While accuracy is of central importance the first thing the coder and experts may notice in their historical sources is the absence of accuracy.

A result of the exaggeration, bias, and the inconsistent and contradictory ways in which witnesses, chroniclers and writers have reported facts about historical events modern estimates must be used. This is again why the role of the expert is important.

The database must also be constructed with the accuracy challenge in mind. Let’s take one example. In reference to army losses in battle a source might say the army was “completely routed.”
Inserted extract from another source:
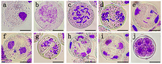 Meiotic processes of PMCs of ‘Black Beauty’. (a) Interphase. (b) Prophase I. (c) Metaphase I. (d) Anaphase I. (e) Telophase I. (f) Prophase II. (g) Metaphase II. (h) Anaphase II. (i) Telophase II. (j) Tetrad.
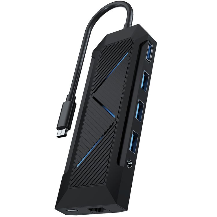 Porodo Gaming 9-in-1 Hub Gamers Edition with High Speed 5Gbps Data Transfer, 3.5mm Audio Jack, 100W PD Fast Charging, 1000Mbps Ethernet Port, Micro SD & TF Card Support, Plug & Play - Black

Usually this phrase is used as part of a battle description where claimed losses ranged from 25-50%. However, a coder cannot assume every author means “completely routed” in the same percentage.

This does not make data collection impossible. Seshat would provide space for written explanation and allow the coder to input values in the form of a range, or even in the form of a disagreement between experts.

Some of the most inconsistent data might still be used for derivative variables: how about one for reported army size based on the logarithmic magnitude of total participants at the battle? A useful statistic based on the total size of fielded armies would be one that does not require the historical data to be exceptionally accurate (because it isn’t).


Join the discussion


  1. O.Voron says:

    Very interesting and ambitious project you are involved with, Edward. Have not military historians at military academies such as West Point already constructed these databases? Apparently the have not. Or they are top secret 🙂

    • Edward A L Turner says:

      databases have been created for the most recent historical conflicts. the only really big database I know about is the University of Michigan COW project which starts in 1816. link to here is another warfare database from Uppsala University that starts in 1946. link to

      we start our database 3000 years earlier. 😀 by coding conflicts at two levels – that of the war and separate battles/sieges that make up a war – our warfare coding will be flexible enough to provide interesting data whether the record of battles and sieges is almost complete or very sparse.

      so if the historical record does not provide battles and siege data we are still able to code something about the war: belligerents and alliances, war type, cultural distance, consequences for territories etc.

  2. Peter Turchin says:

    Thank you, Edward, for this post!

    For the readers of this blog: Edward is the Principal Research Assistant for Seshat. He started as a volunteer several years ago (and participated in our article that came out in PNAS last Fall). Now that we have been funded by several new grants, Edward has become a salaried employee of the Seshat project. He is responsible for social complexity and warfare variables. But, as he writes in the post, we are still developing our conceptual approaches to coding warfare. Edward has done some preliminary warfare coding of several polities, but until now this aspect of Seshat has been on a back burner. I expect that we will be going all out on coding warfare starting in the Fall, and abut a year from now we will be able to start analyzing the data – and killing off those hypotheses…

  3. Ross David H says:

    Sounds fascinating (and mammoth). For those of us with an IT background/interests, can you tell us anything about how the data will be stored? I’m not sure, when you use the term “database”, if you mean what an IT guy would mean when he says that (MySQL or MongoDB or Oracle or some such), or if you mean the more general sense of “many files stored together that relate to the same general topic”.

    Or, for those who wish to access it someday, what kind of API’s will be available? Will they be made available to those who are not professionals in the field?

    Thanks for sharing your progress, it sounds exciting! The Human Genome Project of historians!